If you have proper head to head coverage and an even distribution, you could up the efficiency to 90 or 95%. Change the slope to moderate. That will add some Soak time between zones to allow the water to absorb. Changing the allowable depletion to 50 or 60% will increase the inch of waters when it runs, but decrease how often it waters (it might be helpful for fungus). Have you tried the baby shampoo or other similar soil surfactant method?

FYI, available water is a setting that determines how much water your soil (silty clay) could hold per inch of depth (0.16 * 6in = 1in of water). With an allowable depletion of 40%, that means that once the ET reaches 0.4in (0.4 * 1in) it will trigger an irrigation. On a hot sunny day, ET could be 0.21-0.22. Therefore your rachio setup is to water every ~2 days for ~1hr per zone.


----------



## rrmiller32 (Feb 20, 2018)

g-man said:


> If you have proper head to head coverage and an even distribution, you could up the efficiency to 90 or 95%. Change the slope to moderate. That will add some Soak time between zones to allow the water to absorb. Changing the allowable depletion to 50 or 60% will increase the inch of waters when it runs, but decrease how often it waters (it might be helpful for fungus). Have you tried the baby shampoo or other similar soil surfactant method?
> 
> FYI, available water is a setting that determines how much water your soil (silty clay) could hold per inch of depth (0.16 * 6in = 1in of water). With an allowable depletion of 40%, that means that once the ET reaches 0.4in (0.4 * 1in) it will trigger an irrigation. On a hot sunny day, ET could be 0.21-0.22. Therefore your rachio setup is to water every ~2 days for ~1hr per zone.

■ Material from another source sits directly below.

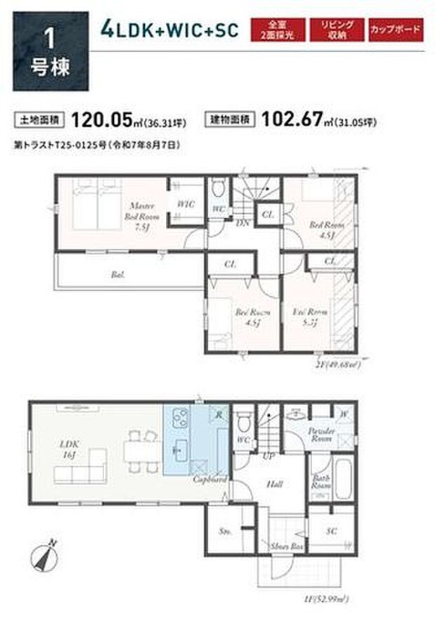 間取り内訳:リビングダイニングキッチン 16帖(1階)・洋室 7.5帖(2階)・洋室 5.3帖(2階)・洋室 4.5帖(2階)・洋室 4.5帖(2階)

I changed the efficiency to 90% and the slope. I don't think I want to change the depletion rate. Longer running time will just create more run off. (there's a lot of that in the slight sloping I do have) I've applied 2 rounds of southern Ag's surfactant with Humic, fungicide and insecticide. Is there something else specific for soil?


----------



## g-man (Jun 15, 2017)

@rrmiller32 I just re-read your entire journal. I think your best course of action is to turn off the rachio flex schedule for now. Some of the things I'm thinking of are an uneven soil profile where a deeper layer is not absorbing the water and the water sits on top. Or your roots are not at the 6in level yet.

I suggest you go manual. Use your eyes and when you see the lawn start to turn gray green that means it needs a cycle. Trigger a night cycle for 1.2hr/zone (~0.5in) and see 1) how long it takes to absorb the water in the am 2) how many days your could go before it turns gray/green again.

One last thing that I want to ask. When you tested the precipitation rate, do you have overlapping zones (two zone water the same lawn area)? if so, did you accounted for both zone duration in your calculations?


----------



## rrmiller32 (Feb 20, 2018)

g-man said:


> @rrmiller32 I just re-read your entire journal. I think your best course of action is to turn off the rachio flex schedule for now. Some of the things I'm thinking of are an uneven soil profile where a deeper layer is not absorbing the water and the water sits on top. Or your roots are not at the 6in level yet.
> 
> I suggest you go manual. Use your eyes and when you see the lawn start to turn gray green that means it needs a cycle. Trigger a night cycle for 1.2hr/zone (~0.5in) and see 1) how long it takes to absorb the water in the am 2) how many days your could go before it turns gray/green again.
> 
> One last thing that I want to ask. When you tested the precipitation rate, do you have overlapping zones (two zone water the same lawn area)? if so, did you accounted for both zone duration in your calculations?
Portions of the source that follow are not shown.